China targeted by 'SlowTempest' espionage cyberattacks, critical infrastructure at risk
What's the story
Cybersecurity researchers at Securonix have uncovered a sophisticated espionage campaign dubbed "SlowTempest" targeting organizations within China. The campaign, leveraging Tencent's cloud services, appears to be focused on gaining access to critical infrastructure, potentially for espionage, data exfiltration, or even sabotage. The attack primarily targets Chinese-speaking users with Cobalt Strike payloads, likely delivered through deceptive emails.
Stealth tactics
Attackers remain undetected for over two weeks
The attackers behind this campaign have demonstrated significant stealth capabilities, remaining undetected within the targeted systems for more than two weeks. The origin and attack vector of this operation remain unknown.

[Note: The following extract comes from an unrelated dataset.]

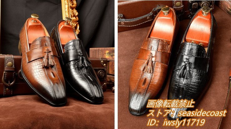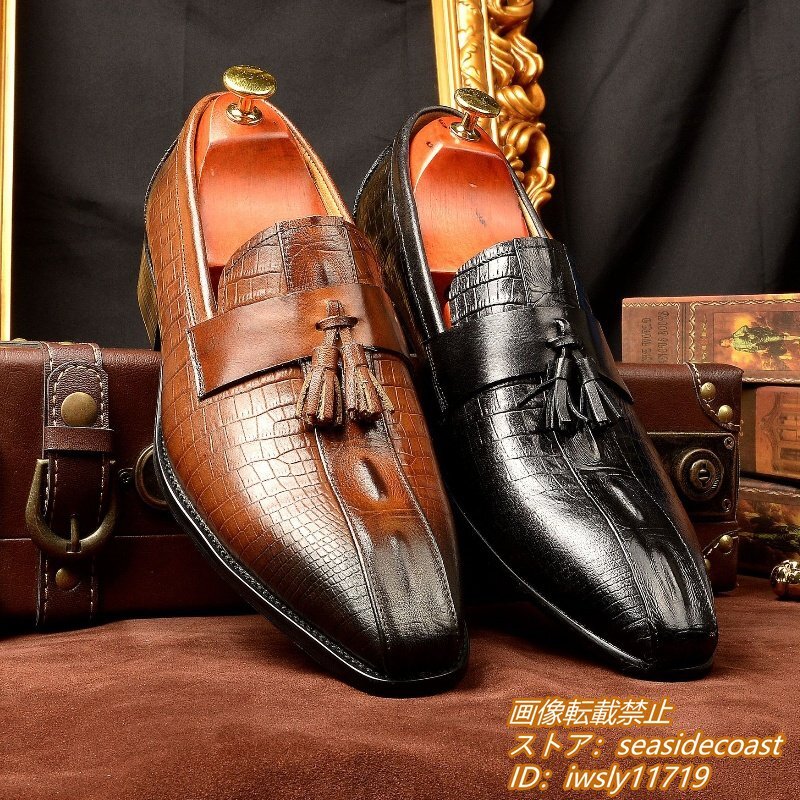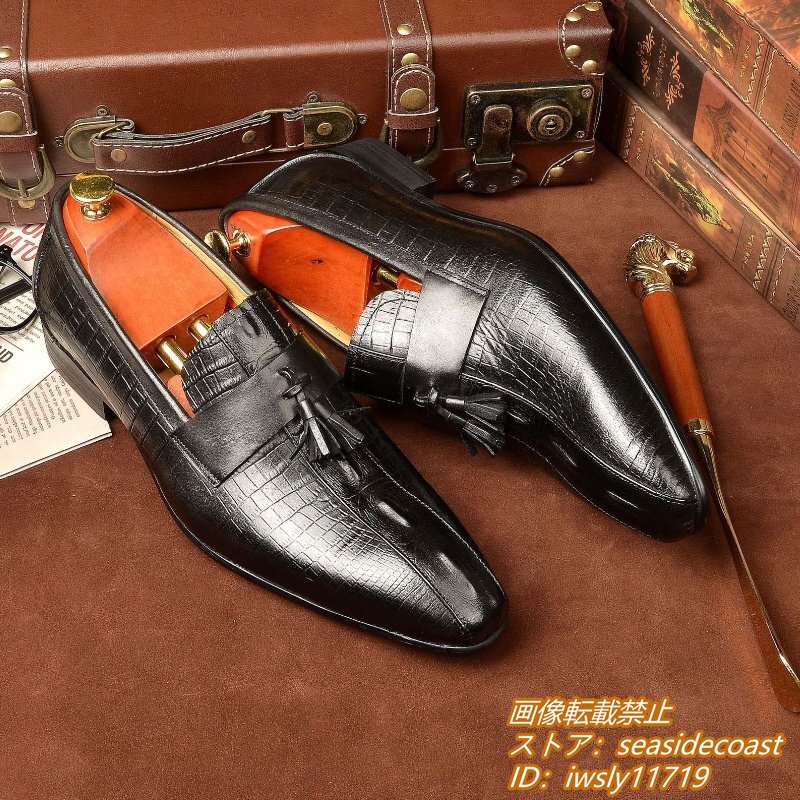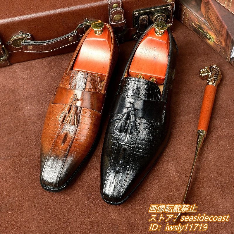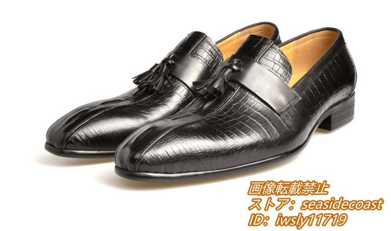 定価9万★最高級 牛革 レザーシューズ タッセル スリッポン ローファー 本革 ビジネスシューズ 鰐柄 職人手作り 紳士 革靴 ブラック 24.5cm

However, it has been established that the attack begins with phishing emails containing compressed Zip files titled titled "20240739人员名单信息.zip" - which translates to "Personnel list information."
Target identification
Phishing emails target specific Chinese sectors
The phishing emails used in this attack appear to target specific Chinese business or government sectors. This is suggested by the filenames used in the campaign, which indicate a focus on entities employing individuals who adhere to 'remote control software regulations.' Upon opening these deceptive files, code is executed from within nested directories referencing "MACOS."
Exploitation technique
Attackers exploit DLL path traversal vulnerability
The attack involves a pair of files named dui70.dll and UI.exe, hidden within several directories. The latter file is a renamed version of a legitimate Windows executable named LicensingUI.exe. The attackers exploit a DLL path traversal vulnerability to sideload any DLL with the same name upon execution of the renamed UI.exe by the LNK file. This technique appears to be new as no previous reports involving LicensingUI.exe have been identified.
Total control
Attackers gain total control over host
Once the UI.exe is executed, a malicious DLL that serves as an implant for the notorious Cobalt Strike attack toolkit injects itself into the Windows binary "runonce.exe." This action grants the attackers complete control over a host. Following this, they deploy several other pieces of malware to further their objectives.
Persistent access
Attackers establish persistent access in victim networks
The attackers have been observed establishing persistent access within victim networks, and moving laterally using remote desktop protocol. Their targets include information on Active Directory configuration and public IP addresses. All the IP addresses used in this attack were hosted at Tencent, including its cloud object storage service. The campaign has been named "SlowTempest" due to the attacker's patience and persistence in achieving their goals.